According to a recent large-scale study involving over 20,000 people, one in every eight older Canadians suffered their first bout of depression during the pandemic. For persons who had previously suffered with depression, the figures were much worse. By the fall of 2020, over half (45%) of this group had reported suffering depression.
The International Journal of Environmental Research and Public Health released a study of answers from the Canadian Longitudinal Study on Aging, which collected information from participants for an average of seven years.
“The high rate of first-onset depression in 2020 highlights the substantial mental health toll that the pandemic caused in a formerly mentally healthy group of older adults.” says first author, Andie MacNeil, a recent Master of Social Work graduate from the Factor-Inwentash Faculty of Social Work (FIFSW) and the Institute for Life Course and Aging, University of Toronto.
Although it is commonly known that depression among older adults rose during the pandemic, few studies have looked at the proportion of individuals who had the disease for the first time, as well as the proportion of people who had a history of the condition who relapsed.
“The devastation of the pandemic which upended so many aspects of daily life hit those with a history of depression particularly hard,” said co-author Sapriya Birk, a researcher formerly based in the Department of Neuroscience, Carleton University, Ottawa who is currently a medical student at McMaster University, Hamilton, Canada, adding, “Health professionals need to be vigilant in screening their patients who had mental health problems at an earlier time in their life.”
Low income and savings, loneliness, chronic pain, difficulties obtaining healthcare, a history of traumatic childhood experiences, and family conflict were all connected to depression among older persons during the pandemic, according to the study.

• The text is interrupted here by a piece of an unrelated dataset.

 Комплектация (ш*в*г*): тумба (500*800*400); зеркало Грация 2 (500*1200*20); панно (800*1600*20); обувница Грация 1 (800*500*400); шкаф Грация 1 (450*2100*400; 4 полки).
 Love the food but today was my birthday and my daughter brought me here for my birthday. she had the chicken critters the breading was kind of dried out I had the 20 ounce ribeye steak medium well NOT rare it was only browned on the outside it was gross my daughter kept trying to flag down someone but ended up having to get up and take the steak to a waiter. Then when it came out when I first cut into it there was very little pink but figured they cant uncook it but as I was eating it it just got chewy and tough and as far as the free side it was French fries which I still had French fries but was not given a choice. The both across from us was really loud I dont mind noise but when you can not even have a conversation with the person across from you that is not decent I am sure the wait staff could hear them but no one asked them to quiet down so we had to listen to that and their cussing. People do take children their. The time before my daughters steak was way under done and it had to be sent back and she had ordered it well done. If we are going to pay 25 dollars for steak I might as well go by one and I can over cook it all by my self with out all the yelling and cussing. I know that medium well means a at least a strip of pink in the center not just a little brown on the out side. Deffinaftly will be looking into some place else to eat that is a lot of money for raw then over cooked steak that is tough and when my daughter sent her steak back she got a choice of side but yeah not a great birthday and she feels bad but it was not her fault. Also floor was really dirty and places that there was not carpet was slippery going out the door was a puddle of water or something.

Prior to the pandemic, older persons who believed their income was insufficient to cover their fundamental requirements, as well as those with fewer savings, were more likely to suffer from depression.
“These findings highlight the disproportionate mental health burden borne by individuals with low socioeconomic status during the pandemic. Many of these socioeconomic risk factors may have been exacerbated by the economic precarity of the pandemic, particularly for individuals with fewer resources,” says co-author Margaret de Groh, scientific manager at the Public Health Agency of Canada.

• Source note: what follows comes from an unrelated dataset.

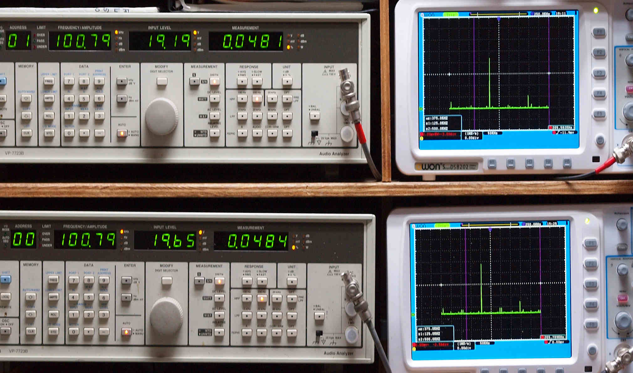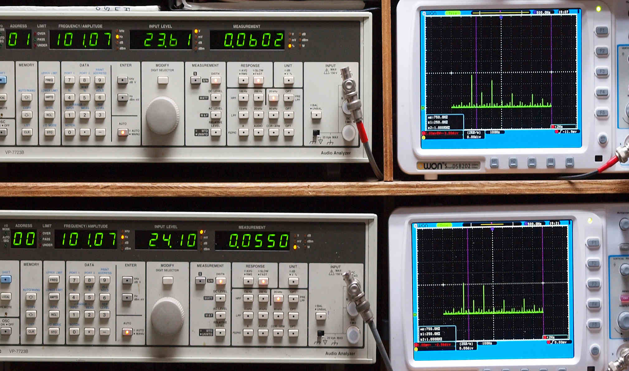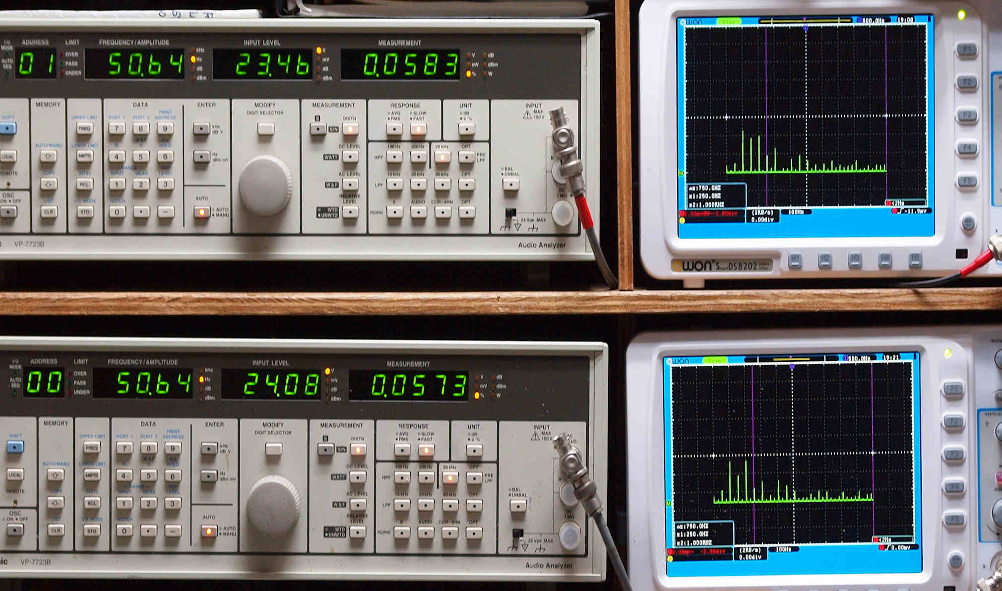 | E. 測定・調整 E1. 出力・歪み率測定・調整 「見方」。 上段中 右側SP出力を「Audio Analyzer Panasonic VP−7723B」により測定。 表示LED、 左端=メモリーNo、 中左=周波数測定、 中右=出力電圧測定、 右端=歪み率測定。 上段右端 VP−7723Bの基本波除去出力を「owon SDS8202(200MHZ)」で「FFT分析」表示。 下段中 左側SP出力を「Audio Analyzer Panasonic VP−7723B」により測定。 表示LED、 左端=メモリーNo、 中左=周波数測定、 中右=出力電圧測定、 右端=歪み率測定。 下段右端 VP−7723Bの基本波除去出力を「owon SDS6062(200MHZ)」で「FFT分析」表示。 下段左端 オーディオ発振器 VP−7201A より50Hz〜100kHzの信号を出し(歪み率=約0.003%)、ATT+分配器を通し、AMPに入力。 よって、ダイアル設定出力レベルより低くなります。測定機器の仕様や整備の様子はこちら、「VP−7723B」「VP−7201A」。 FFT画面の見方はこちら。 |

Individuals who experienced multiple characteristics of loneliness, such as feeling excluded, alone, and lonely, had a 4 to 5 times increased risk of both incident and recurring depression.

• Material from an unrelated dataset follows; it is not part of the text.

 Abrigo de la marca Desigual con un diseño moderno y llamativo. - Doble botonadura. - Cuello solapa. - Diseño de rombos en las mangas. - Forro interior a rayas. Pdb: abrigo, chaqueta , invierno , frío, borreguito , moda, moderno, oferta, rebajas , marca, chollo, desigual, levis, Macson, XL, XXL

“It is not surprising that the lock-down was particularly difficult for older adults who were isolated and lonely during the pandemic. Social connections and social support are essential for well-being and mental health. Better support and outreach are needed for those who are isolated,” says co-author Ying Jiang, senior epidemiologist at the Public Health Agency of Canada.
Older adults in chronic pain and those who had trouble accessing their usual healthcare, medication or treatments were more likely to be depressed during the autumn of 2020.
“This finding underlines the importance of streamlining service provision to ensure less disruption of medical services when future pandemics arise,” said co-author Professor Paul J. Villeneuve, Department of Neuroscience, Carleton University, Canada.
Individuals having a history of suffering as a youngster were more likely to be depressed in the autumn of 2020. When compared to their contemporaries, older persons who experienced family conflict during the pandemic had more than quadruple the risk of depression.
“Family conflict is a major stressor that can impact mental health even in the best of times. With the enforced close quarters of lockdown and the stress of the pandemic, there was a considerable strain on many family relationships. The ensuing conflict was a major risk for depression,” says senior author, Professor Esme Fuller-Thomson at the University of Toronto’s FIFSW and director of the Institute for Life Course & Aging.